本来「版下」とは、アナログ製版時代、紙台紙に写植や図版の紙焼き(印画紙)を貼付けてトンボや罫線などをレイアウトしたものの名称でした。この版下台紙を製版カメラで撮影し、印刷用のフィルムを作成していたのです。またDTP初期は、レイアウトが完成したデータを白黒で印画紙に出力し、それを版下として使っていた時代もありました。
アナログ時代の版下は、主に方眼が予め印刷された専用台紙にロットリングペンや烏口でトンボや必要なレイアウトに必要なアタリ罫などを引き、文字は、写植機を使って印画紙に焼いたものを切り貼りしていました。またこれも懐かしい言葉になりましたが、地紋などは「スクリーントーン」を版下に貼付けていました。これらの作業を総称して「フィニッシュワーク」という呼び方もされていました。
そして製版工程へ入稿する前に版下をコピーなど取って文字やレイアウトに間違いがないかを確認する作業が「版下校正」でした。

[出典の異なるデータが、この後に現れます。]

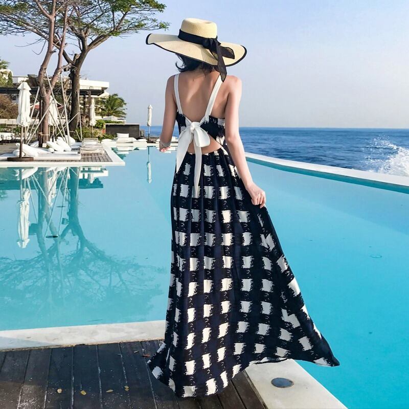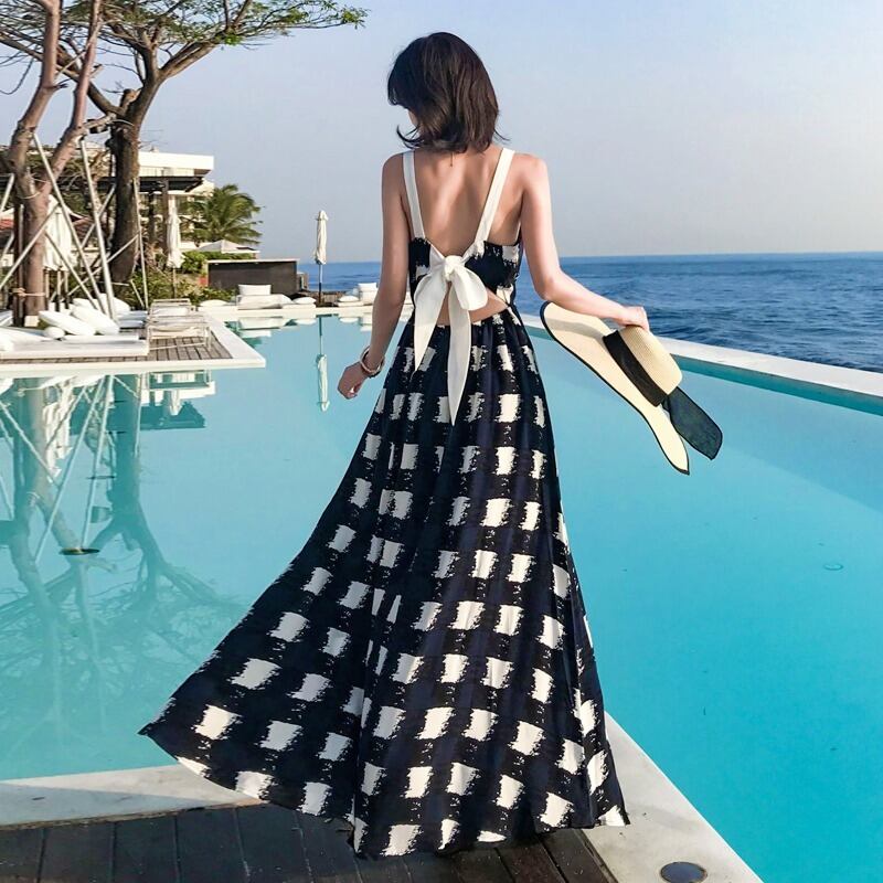 ワンピース ロングワンピース ロング丈 マキシ丈 マキシ丈ワンピース マキシワンピ チェック柄 チェック ギンガムチェック 総柄 総プリント Vネック ノースリーブ バックリボン リボン 背中あき バックシャン Aライン ハイウエスト ネイビー 紺 S M L XL お出かけ デート ビーチ リゾート バカンス 夏 海 おしゃれ かわいい 可愛い 20代 30代 華やか ガーリー キュート 体型カバー 主役級 大胆 レディース 韓国 韓国ファッション 韓国スタイル 韓国コーデ シフォン

今と違って製版作業に入ってからの修正は時間もコストも掛かり、納期に大きく影響したため、この版下校正でのチェックは非常に入念に行われていました。
また、版下台紙の上には、大抵の場合トレーシングペーパーが被せてあり、ペーパーの上から台紙をなぞるように製版に対する指示などが細かく書き込まれていました。
したがって、版下は、製版のための原稿であると同時に、設計図や作業指示書の役割も果たしており、発注者と製版の現場、さらにはその間を取り持つ営業にとって大事なコミュニケーションツールでもありました。
翻って、この原稿を書くにあたり、昔の版下を引っ張り出してきて眺めていると、現在データ入稿が当たり前になる中、原稿製作と製版作業の垣根が曖昧になり発注者、受注者双方とも版下時代より自分たちがやりとりする原稿に対して責任感がやや希薄になりつつあるような気がしました。